Extracted records

- - - - - - -

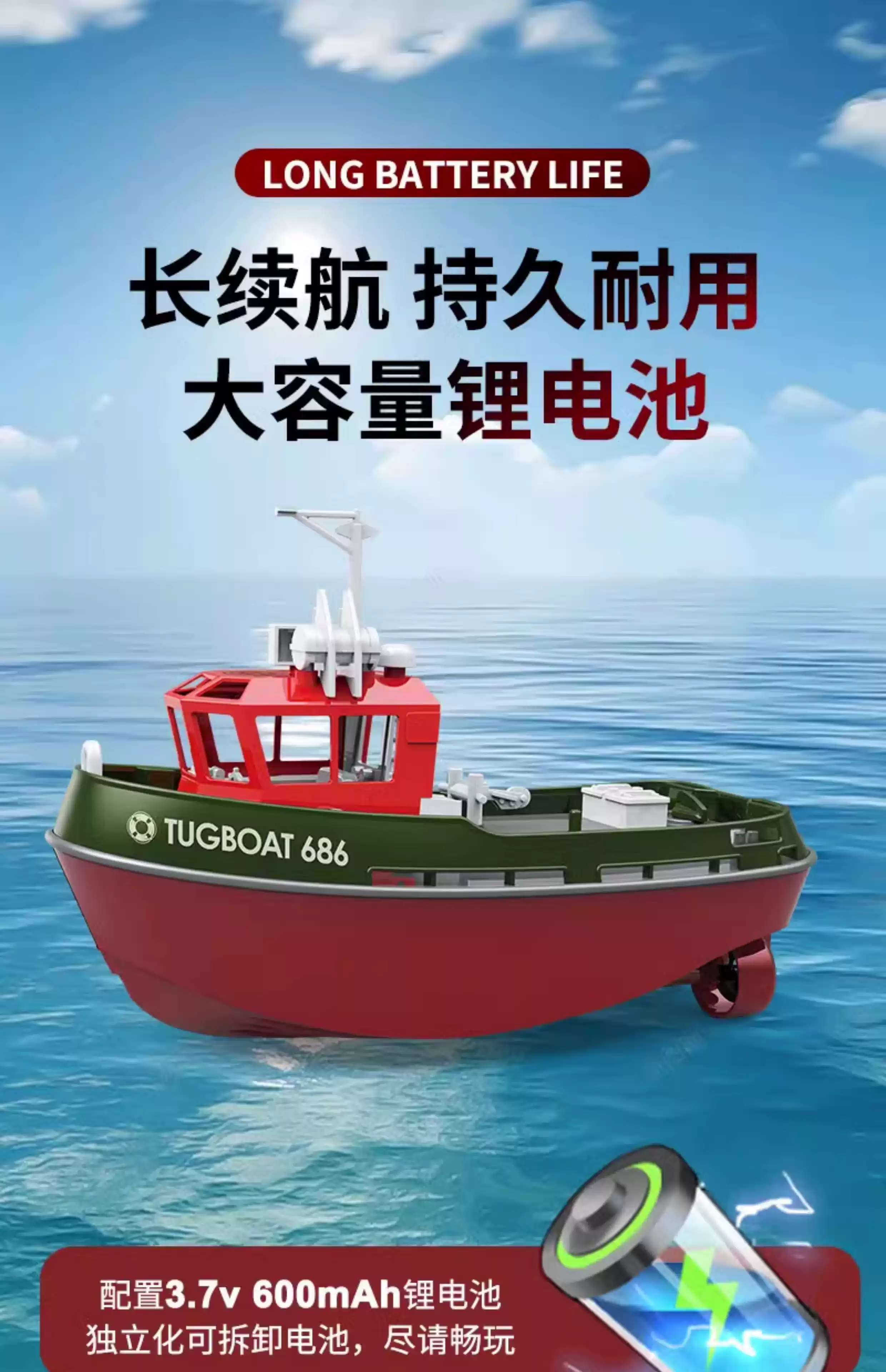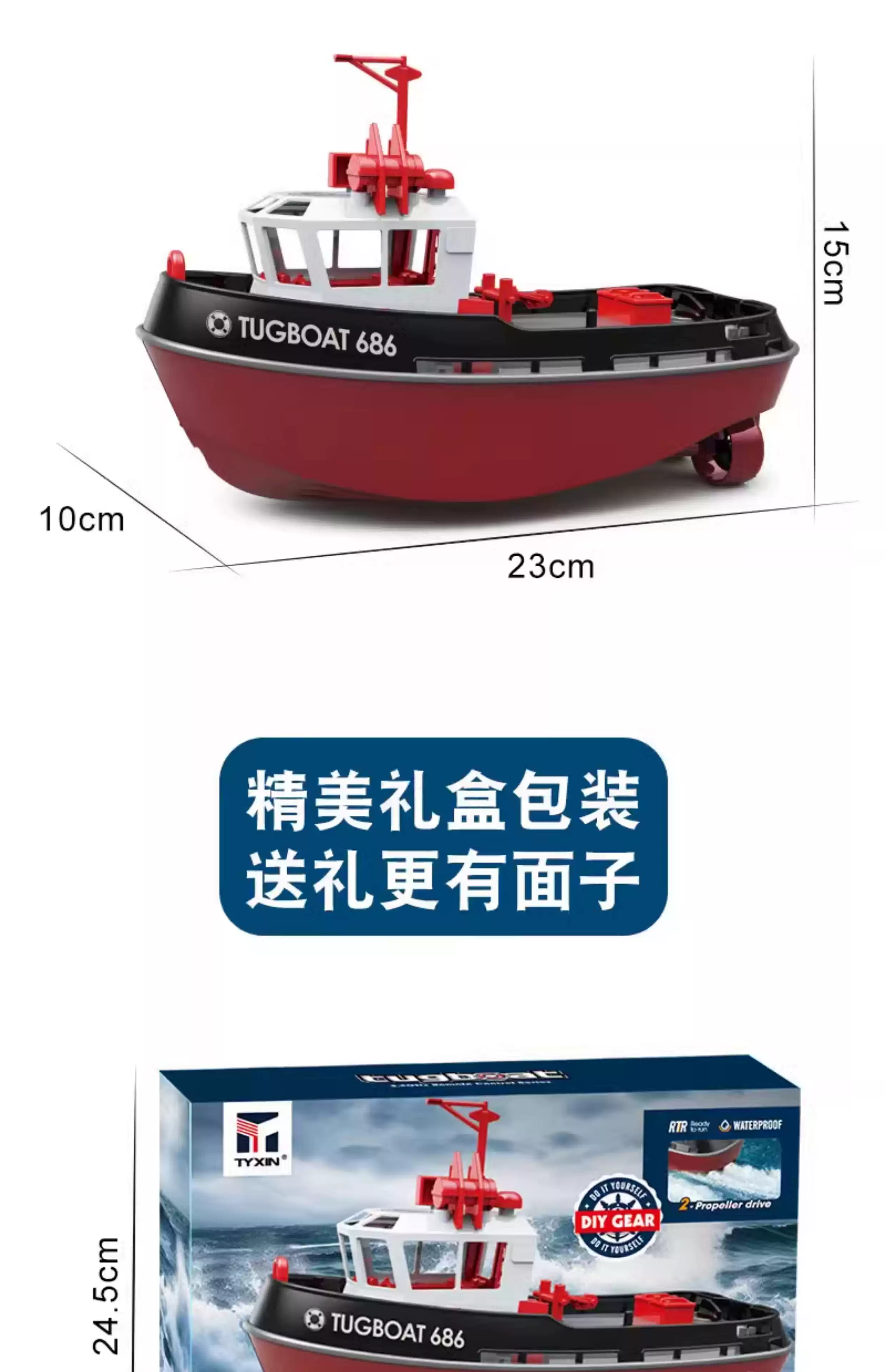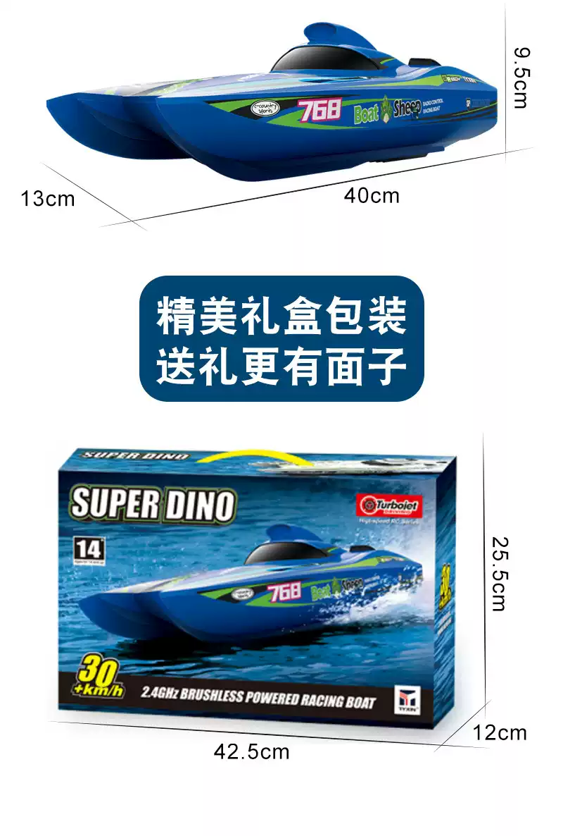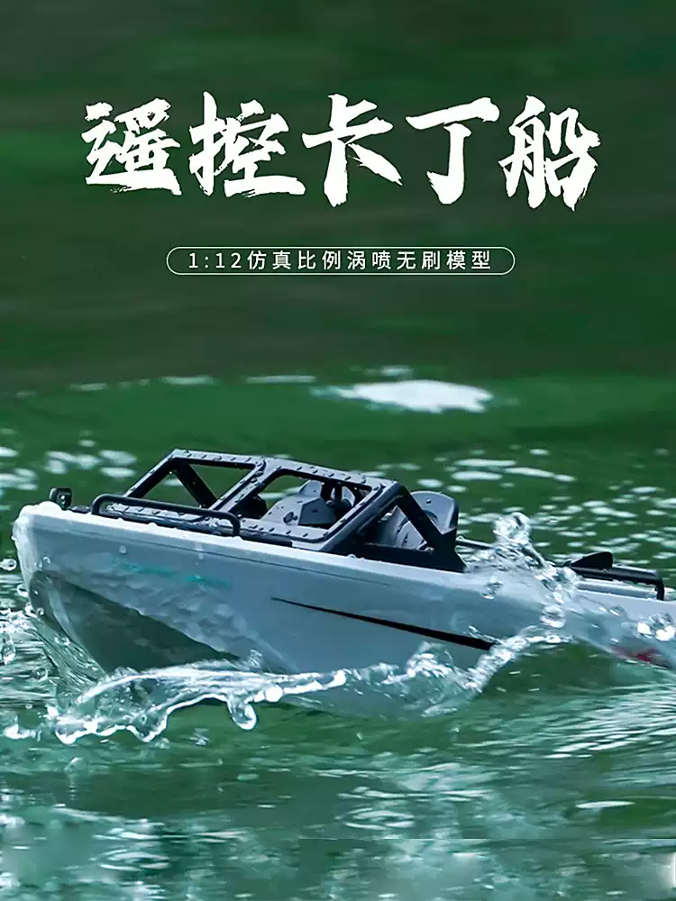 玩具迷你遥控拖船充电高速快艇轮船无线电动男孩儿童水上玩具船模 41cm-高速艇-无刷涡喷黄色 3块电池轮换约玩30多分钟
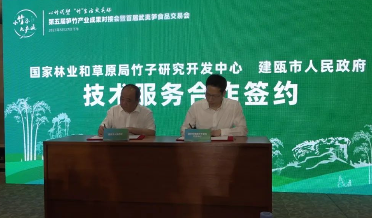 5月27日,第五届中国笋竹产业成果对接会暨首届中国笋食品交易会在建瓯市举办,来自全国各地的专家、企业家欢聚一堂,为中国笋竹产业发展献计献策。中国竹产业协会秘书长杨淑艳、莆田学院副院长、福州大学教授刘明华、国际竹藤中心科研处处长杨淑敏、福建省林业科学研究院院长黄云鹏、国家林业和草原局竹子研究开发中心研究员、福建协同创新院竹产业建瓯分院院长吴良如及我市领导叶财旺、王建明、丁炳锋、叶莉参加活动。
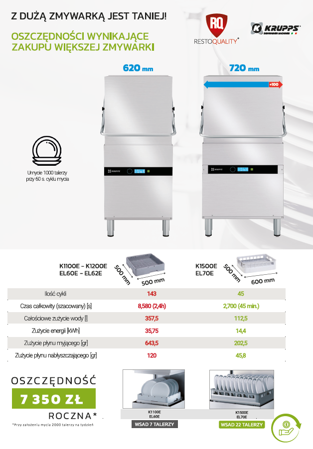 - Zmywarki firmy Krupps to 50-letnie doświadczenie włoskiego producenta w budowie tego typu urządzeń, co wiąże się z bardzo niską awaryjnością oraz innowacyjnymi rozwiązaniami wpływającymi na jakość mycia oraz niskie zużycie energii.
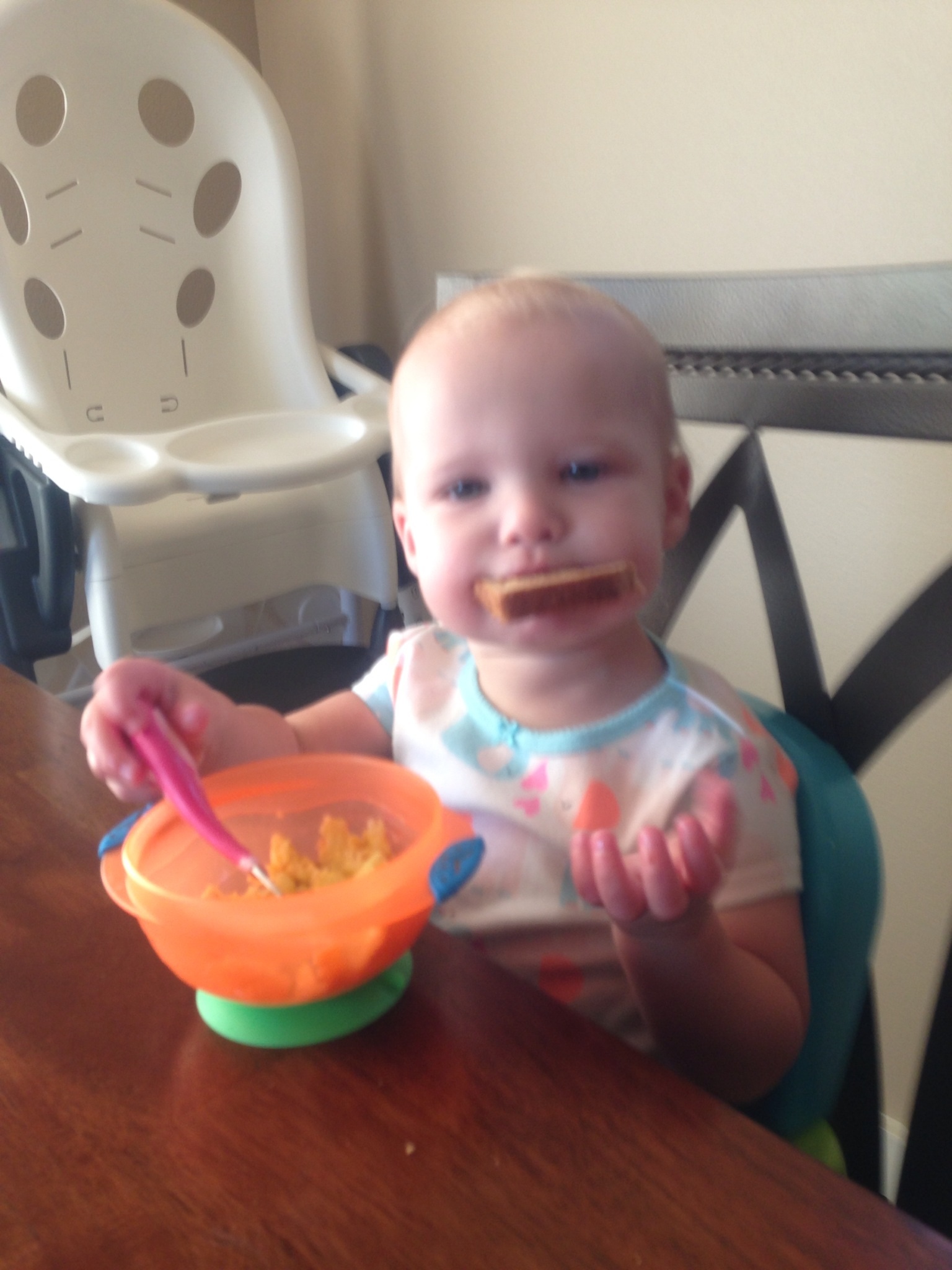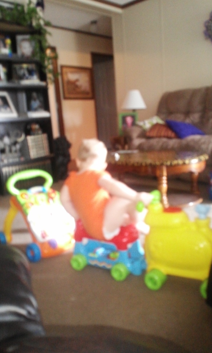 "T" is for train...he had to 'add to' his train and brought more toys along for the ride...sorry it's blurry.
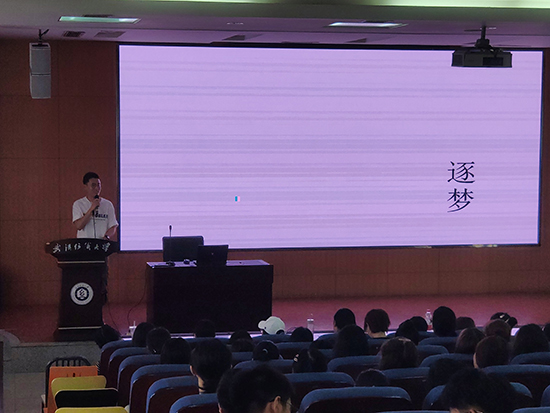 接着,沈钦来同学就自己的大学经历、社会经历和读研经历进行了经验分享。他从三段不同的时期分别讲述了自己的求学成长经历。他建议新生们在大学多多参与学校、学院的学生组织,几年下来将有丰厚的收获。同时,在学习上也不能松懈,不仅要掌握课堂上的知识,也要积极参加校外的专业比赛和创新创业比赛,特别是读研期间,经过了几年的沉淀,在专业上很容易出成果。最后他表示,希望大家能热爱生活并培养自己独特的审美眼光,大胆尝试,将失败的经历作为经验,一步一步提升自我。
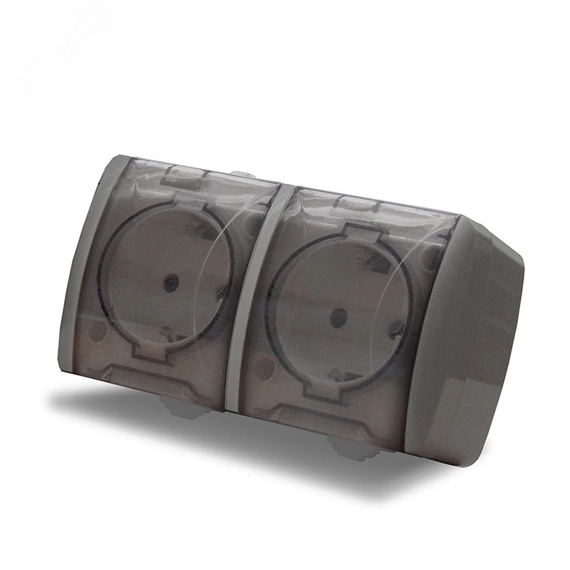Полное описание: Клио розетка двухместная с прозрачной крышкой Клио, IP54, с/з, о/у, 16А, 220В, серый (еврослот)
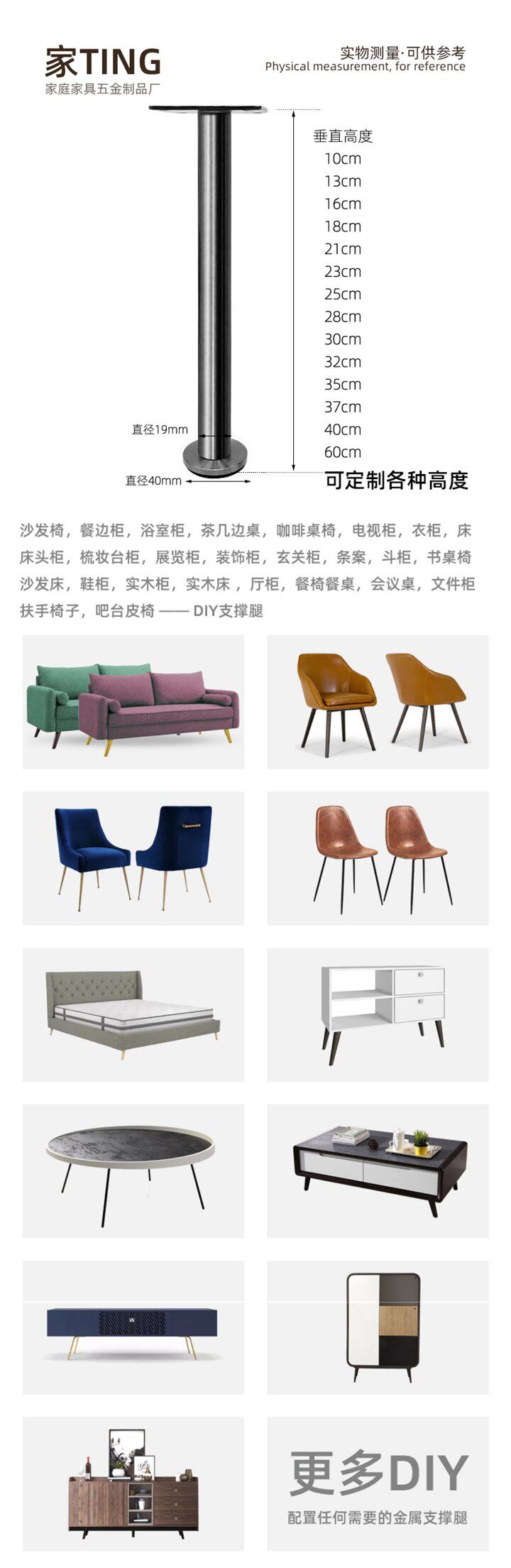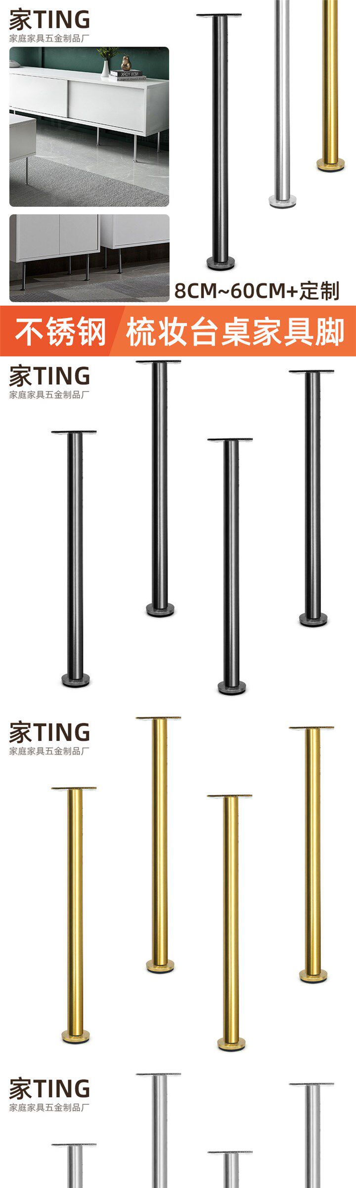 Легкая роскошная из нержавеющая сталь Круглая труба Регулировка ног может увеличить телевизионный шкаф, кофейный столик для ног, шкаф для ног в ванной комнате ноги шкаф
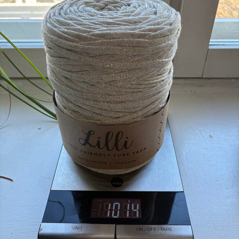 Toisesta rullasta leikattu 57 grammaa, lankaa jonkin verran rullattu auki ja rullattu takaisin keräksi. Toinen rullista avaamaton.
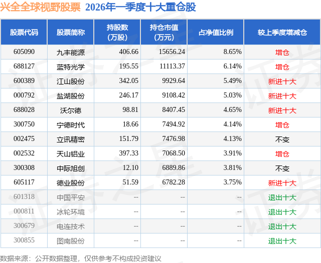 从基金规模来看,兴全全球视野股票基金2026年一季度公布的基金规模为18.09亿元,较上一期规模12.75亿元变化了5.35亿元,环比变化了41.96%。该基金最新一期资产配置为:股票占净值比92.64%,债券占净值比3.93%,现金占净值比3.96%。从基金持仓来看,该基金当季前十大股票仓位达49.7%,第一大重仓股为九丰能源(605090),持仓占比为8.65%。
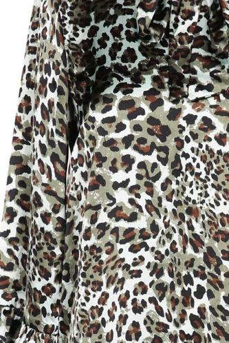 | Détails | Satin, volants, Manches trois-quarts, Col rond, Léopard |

- - - - - - -

Would you restate word for word only the lines from the line with "从基金规模来看,兴全全球视野" to the last line above, with the pictures left out?

 从基金规模来看,兴全全球视野股票基金2026年一季度公布的基金规模为18.09亿元,较上一期规模12.75亿元变化了5.35亿元,环比变化了41.96%。该基金最新一期资产配置为:股票占净值比92.64%,债券占净值比3.93%,现金占净值比3.96%。从基金持仓来看,该基金当季前十大股票仓位达49.7%,第一大重仓股为九丰能源(605090),持仓占比为8.65%。
 | Détails | Satin, volants, Manches trois-quarts, Col rond, Léopard |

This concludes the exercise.